**Your instructions:**
Every entry must be given again exactly.

/---

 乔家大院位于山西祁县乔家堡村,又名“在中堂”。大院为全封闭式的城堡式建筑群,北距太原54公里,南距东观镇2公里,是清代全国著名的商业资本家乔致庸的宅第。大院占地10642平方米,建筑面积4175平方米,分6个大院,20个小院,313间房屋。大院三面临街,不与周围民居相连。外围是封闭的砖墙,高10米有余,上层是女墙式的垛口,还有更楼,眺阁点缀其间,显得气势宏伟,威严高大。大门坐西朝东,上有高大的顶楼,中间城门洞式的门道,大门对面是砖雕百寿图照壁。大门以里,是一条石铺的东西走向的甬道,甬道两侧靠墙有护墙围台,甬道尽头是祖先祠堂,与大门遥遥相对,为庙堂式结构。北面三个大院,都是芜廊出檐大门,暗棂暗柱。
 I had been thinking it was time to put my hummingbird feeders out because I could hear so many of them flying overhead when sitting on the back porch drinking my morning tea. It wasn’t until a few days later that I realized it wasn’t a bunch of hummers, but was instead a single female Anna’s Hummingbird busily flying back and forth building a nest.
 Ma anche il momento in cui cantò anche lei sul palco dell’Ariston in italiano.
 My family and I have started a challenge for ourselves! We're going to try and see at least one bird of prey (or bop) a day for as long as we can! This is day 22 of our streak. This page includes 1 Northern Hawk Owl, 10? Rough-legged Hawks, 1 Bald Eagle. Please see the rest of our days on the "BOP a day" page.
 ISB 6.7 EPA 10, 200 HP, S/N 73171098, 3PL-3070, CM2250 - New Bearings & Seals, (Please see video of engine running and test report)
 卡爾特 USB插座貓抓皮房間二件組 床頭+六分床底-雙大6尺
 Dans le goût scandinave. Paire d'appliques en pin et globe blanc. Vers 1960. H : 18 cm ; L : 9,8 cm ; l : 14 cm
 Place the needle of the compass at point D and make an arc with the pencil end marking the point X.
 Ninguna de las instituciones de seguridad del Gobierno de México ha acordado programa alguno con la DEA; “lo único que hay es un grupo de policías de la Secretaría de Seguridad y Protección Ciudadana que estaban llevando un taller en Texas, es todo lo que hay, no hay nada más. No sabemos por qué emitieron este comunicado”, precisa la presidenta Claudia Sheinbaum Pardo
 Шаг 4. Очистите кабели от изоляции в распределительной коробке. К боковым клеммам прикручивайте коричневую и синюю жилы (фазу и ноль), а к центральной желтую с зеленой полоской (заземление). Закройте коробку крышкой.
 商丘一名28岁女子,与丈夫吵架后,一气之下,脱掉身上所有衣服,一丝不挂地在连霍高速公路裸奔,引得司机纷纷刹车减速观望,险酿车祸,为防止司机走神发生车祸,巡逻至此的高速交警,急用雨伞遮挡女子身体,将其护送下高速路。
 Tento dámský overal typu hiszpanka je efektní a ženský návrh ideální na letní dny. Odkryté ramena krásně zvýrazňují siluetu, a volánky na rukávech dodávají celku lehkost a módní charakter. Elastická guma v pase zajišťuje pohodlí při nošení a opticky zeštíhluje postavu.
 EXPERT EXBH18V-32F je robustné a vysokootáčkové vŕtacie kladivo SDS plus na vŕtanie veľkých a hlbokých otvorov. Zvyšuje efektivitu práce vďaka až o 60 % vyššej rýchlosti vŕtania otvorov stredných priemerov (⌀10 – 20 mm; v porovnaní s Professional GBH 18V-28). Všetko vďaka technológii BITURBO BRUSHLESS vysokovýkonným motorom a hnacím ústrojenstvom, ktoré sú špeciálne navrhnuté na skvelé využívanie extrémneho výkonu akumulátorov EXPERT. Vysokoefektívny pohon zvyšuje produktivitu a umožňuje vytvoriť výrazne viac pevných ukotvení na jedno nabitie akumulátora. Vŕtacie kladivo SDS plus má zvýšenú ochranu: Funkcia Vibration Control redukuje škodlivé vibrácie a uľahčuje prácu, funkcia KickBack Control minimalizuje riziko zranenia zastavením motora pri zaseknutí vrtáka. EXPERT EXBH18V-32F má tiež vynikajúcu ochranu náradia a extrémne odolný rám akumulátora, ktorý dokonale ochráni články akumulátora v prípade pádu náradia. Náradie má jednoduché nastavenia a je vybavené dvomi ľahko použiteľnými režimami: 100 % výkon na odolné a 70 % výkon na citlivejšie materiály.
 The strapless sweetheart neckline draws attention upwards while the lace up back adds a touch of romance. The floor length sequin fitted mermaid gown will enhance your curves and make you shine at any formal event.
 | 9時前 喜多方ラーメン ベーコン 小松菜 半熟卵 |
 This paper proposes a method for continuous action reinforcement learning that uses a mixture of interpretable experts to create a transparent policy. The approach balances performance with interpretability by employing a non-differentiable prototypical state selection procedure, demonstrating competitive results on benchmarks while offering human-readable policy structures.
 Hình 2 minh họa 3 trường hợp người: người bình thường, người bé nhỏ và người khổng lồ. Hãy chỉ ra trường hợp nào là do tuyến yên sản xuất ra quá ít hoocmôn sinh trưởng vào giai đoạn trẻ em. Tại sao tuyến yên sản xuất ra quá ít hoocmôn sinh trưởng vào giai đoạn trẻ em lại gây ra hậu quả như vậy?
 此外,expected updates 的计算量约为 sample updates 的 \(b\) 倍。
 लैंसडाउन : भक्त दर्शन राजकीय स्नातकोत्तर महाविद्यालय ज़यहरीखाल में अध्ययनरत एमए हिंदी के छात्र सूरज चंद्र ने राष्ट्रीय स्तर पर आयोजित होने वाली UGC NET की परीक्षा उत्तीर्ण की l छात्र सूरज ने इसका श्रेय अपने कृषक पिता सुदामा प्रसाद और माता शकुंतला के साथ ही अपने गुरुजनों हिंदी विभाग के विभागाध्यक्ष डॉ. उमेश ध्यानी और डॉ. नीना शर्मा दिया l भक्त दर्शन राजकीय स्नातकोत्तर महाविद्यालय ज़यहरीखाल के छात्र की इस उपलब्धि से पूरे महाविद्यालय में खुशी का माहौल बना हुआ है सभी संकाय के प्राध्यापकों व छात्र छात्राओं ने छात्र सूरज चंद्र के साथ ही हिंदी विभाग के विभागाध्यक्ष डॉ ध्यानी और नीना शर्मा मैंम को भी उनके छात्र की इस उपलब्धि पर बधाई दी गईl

\---

**Response to the task:**
 乔家大院位于山西祁县乔家堡村,又名“在中堂”。大院为全封闭式的城堡式建筑群,北距太原54公里,南距东观镇2公里,是清代全国著名的商业资本家乔致庸的宅第。大院占地10642平方米,建筑面积4175平方米,分6个大院,20个小院,313间房屋。大院三面临街,不与周围民居相连。外围是封闭的砖墙,高10米有余,上层是女墙式的垛口,还有更楼,眺阁点缀其间,显得气势宏伟,威严高大。大门坐西朝东,上有高大的顶楼,中间城门洞式的门道,大门对面是砖雕百寿图照壁。大门以里,是一条石铺的东西走向的甬道,甬道两侧靠墙有护墙围台,甬道尽头是祖先祠堂,与大门遥遥相对,为庙堂式结构。北面三个大院,都是芜廊出檐大门,暗棂暗柱。
 I had been thinking it was time to put my hummingbird feeders out because I could hear so many of them flying overhead when sitting on the back porch drinking my morning tea. It wasn’t until a few days later that I realized it wasn’t a bunch of hummers, but was instead a single female Anna’s Hummingbird busily flying back and forth building a nest.
 Ma anche il momento in cui cantò anche lei sul palco dell’Ariston in italiano.
 My family and I have started a challenge for ourselves! We're going to try and see at least one bird of prey (or bop) a day for as long as we can! This is day 22 of our streak. This page includes 1 Northern Hawk Owl, 10? Rough-legged Hawks, 1 Bald Eagle. Please see the rest of our days on the "BOP a day" page.
 ISB 6.7 EPA 10, 200 HP, S/N 73171098, 3PL-3070, CM2250 - New Bearings & Seals, (Please see video of engine running and test report)
 卡爾特 USB插座貓抓皮房間二件組 床頭+六分床底-雙大6尺
 Dans le goût scandinave. Paire d'appliques en pin et globe blanc. Vers 1960. H : 18 cm ; L : 9,8 cm ; l : 14 cm
 Place the needle of the compass at point D and make an arc with the pencil end marking the point X.
 Ninguna de las instituciones de seguridad del Gobierno de México ha acordado programa alguno con la DEA; “lo único que hay es un grupo de policías de la Secretaría de Seguridad y Protección Ciudadana que estaban llevando un taller en Texas, es todo lo que hay, no hay nada más. No sabemos por qué emitieron este comunicado”, precisa la presidenta Claudia Sheinbaum Pardo
 Шаг 4. Очистите кабели от изоляции в распределительной коробке. К боковым клеммам прикручивайте коричневую и синюю жилы (фазу и ноль), а к центральной желтую с зеленой полоской (заземление). Закройте коробку крышкой.
 商丘一名28岁女子,与丈夫吵架后,一气之下,脱掉身上所有衣服,一丝不挂地在连霍高速公路裸奔,引得司机纷纷刹车减速观望,险酿车祸,为防止司机走神发生车祸,巡逻至此的高速交警,急用雨伞遮挡女子身体,将其护送下高速路。
 Tento dámský overal typu hiszpanka je efektní a ženský návrh ideální na letní dny. Odkryté ramena krásně zvýrazňují siluetu, a volánky na rukávech dodávají celku lehkost a módní charakter. Elastická guma v pase zajišťuje pohodlí při nošení a opticky zeštíhluje postavu.
 EXPERT EXBH18V-32F je robustné a vysokootáčkové vŕtacie kladivo SDS plus na vŕtanie veľkých a hlbokých otvorov. Zvyšuje efektivitu práce vďaka až o 60 % vyššej rýchlosti vŕtania otvorov stredných priemerov (⌀10 – 20 mm; v porovnaní s Professional GBH 18V-28). Všetko vďaka technológii BITURBO BRUSHLESS vysokovýkonným motorom a hnacím ústrojenstvom, ktoré sú špeciálne navrhnuté na skvelé využívanie extrémneho výkonu akumulátorov EXPERT. Vysokoefektívny pohon zvyšuje produktivitu a umožňuje vytvoriť výrazne viac pevných ukotvení na jedno nabitie akumulátora. Vŕtacie kladivo SDS plus má zvýšenú ochranu: Funkcia Vibration Control redukuje škodlivé vibrácie a uľahčuje prácu, funkcia KickBack Control minimalizuje riziko zranenia zastavením motora pri zaseknutí vrtáka. EXPERT EXBH18V-32F má tiež vynikajúcu ochranu náradia a extrémne odolný rám akumulátora, ktorý dokonale ochráni články akumulátora v prípade pádu náradia. Náradie má jednoduché nastavenia a je vybavené dvomi ľahko použiteľnými režimami: 100 % výkon na odolné a 70 % výkon na citlivejšie materiály.
 The strapless sweetheart neckline draws attention upwards while the lace up back adds a touch of romance. The floor length sequin fitted mermaid gown will enhance your curves and make you shine at any formal event.
 | 9時前 喜多方ラーメン ベーコン 小松菜 半熟卵 |
 This paper proposes a method for continuous action reinforcement learning that uses a mixture of interpretable experts to create a transparent policy. The approach balances performance with interpretability by employing a non-differentiable prototypical state selection procedure, demonstrating competitive results on benchmarks while offering human-readable policy structures.
 Hình 2 minh họa 3 trường hợp người: người bình thường, người bé nhỏ và người khổng lồ. Hãy chỉ ra trường hợp nào là do tuyến yên sản xuất ra quá ít hoocmôn sinh trưởng vào giai đoạn trẻ em. Tại sao tuyến yên sản xuất ra quá ít hoocmôn sinh trưởng vào giai đoạn trẻ em lại gây ra hậu quả như vậy?
 此外,expected updates 的计算量约为 sample updates 的 \(b\) 倍。
 लैंसडाउन : भक्त दर्शन राजकीय स्नातकोत्तर महाविद्यालय ज़यहरीखाल में अध्ययनरत एमए हिंदी के छात्र सूरज चंद्र ने राष्ट्रीय स्तर पर आयोजित होने वाली UGC NET की परीक्षा उत्तीर्ण की l छात्र सूरज ने इसका श्रेय अपने कृषक पिता सुदामा प्रसाद और माता शकुंतला के साथ ही अपने गुरुजनों हिंदी विभाग के विभागाध्यक्ष डॉ. उमेश ध्यानी और डॉ. नीना शर्मा दिया l भक्त दर्शन राजकीय स्नातकोत्तर महाविद्यालय ज़यहरीखाल के छात्र की इस उपलब्धि से पूरे महाविद्यालय में खुशी का माहौल बना हुआ है सभी संकाय के प्राध्यापकों व छात्र छात्राओं ने छात्र सूरज चंद्र के साथ ही हिंदी विभाग के विभागाध्यक्ष डॉ ध्यानी और नीना शर्मा मैंम को भी उनके छात्र की इस उपलब्धि पर बधाई दी गईl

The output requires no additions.